Formosa palm (Arenga engleri) is also called Taiwan sugar palm, dwarf sugar palm and Taiwan arenga palm. The fruit is toxic and can cause a severe allergic skin reaction. The tree grows to 10 feet tall with a spread of 16 feet and produces dark olive, fishtail-shaped leaves that grow up to 8 feet long. The red, orange or green flowers grow on stalks and are both male and female. The female flowers produce red or deep purple fruits less than 1 inch in diameter. Plant the Formosa palm in partial shade and in rich, moist, well-drained soil. The plant does not do well in a salty environment. The Formosa palm can be grown in all but a small section of northern Florida.

Fishtail Palm

The fruit of the fishtail palm (Caryota mitis) contains oxalic acid which is toxic when ingested and can cause severe chemical burns when it comes in contact with the skin. The tree grows up to 25 feet tall and 12 feet wide and produces stems that are topped with light green leaves that grow up to 9 feet long and red fruits.

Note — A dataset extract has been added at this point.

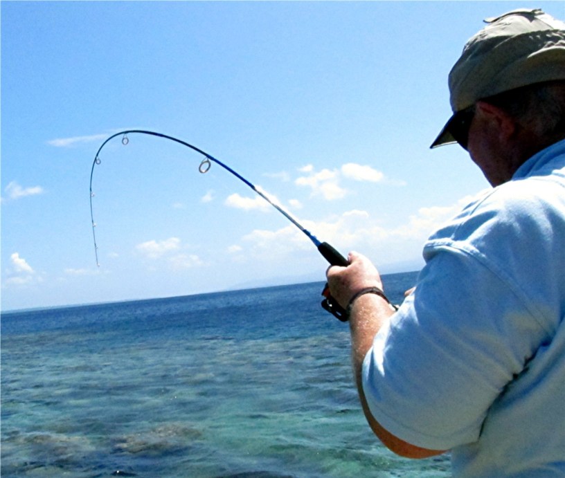 Clear water over very shallow bommies means you need both some muscle to skull drag a fish and some finesse in working them around coral heads. But, every so often, you do get to land the fish….
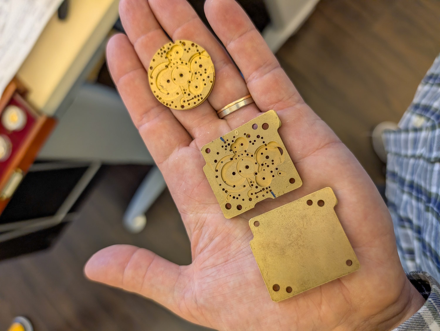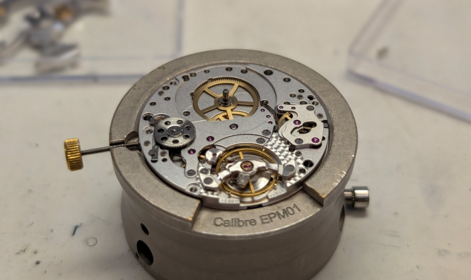 J’ai même eu la chance de pouvoir passer derrière l’établi pour finir d’assembler le mouvement avec notamment le vissage de la masse oscillante pour amorcer ensuite le mouvement. Pas facile à faire quand on sait que les vis sont souvent plus petites qu’un millimètre !

Plant the fishtail palm in full sun, partial shade or full shade and in moist, well drained soil. The tree is hardy in southern Florida.

Queen Sago

Queen sago (Cycas circinalis) is also known as false sago and fern palm. The tree contains neurotoxins that can paralyze or kill if ingested. The plant grows up to 20 feet tall and produces feather-like leaves that grow up to 8 feet long. The tree will be either male or female, and one of each is needed to produce fruit. Each tree produces cones in the fall, and the female cones produce large orange seeds. Plant the queen sago in full sun and in a loose, sandy, well-drained soil. The queen sago is only hardy in southern Florida and the Florida Keys.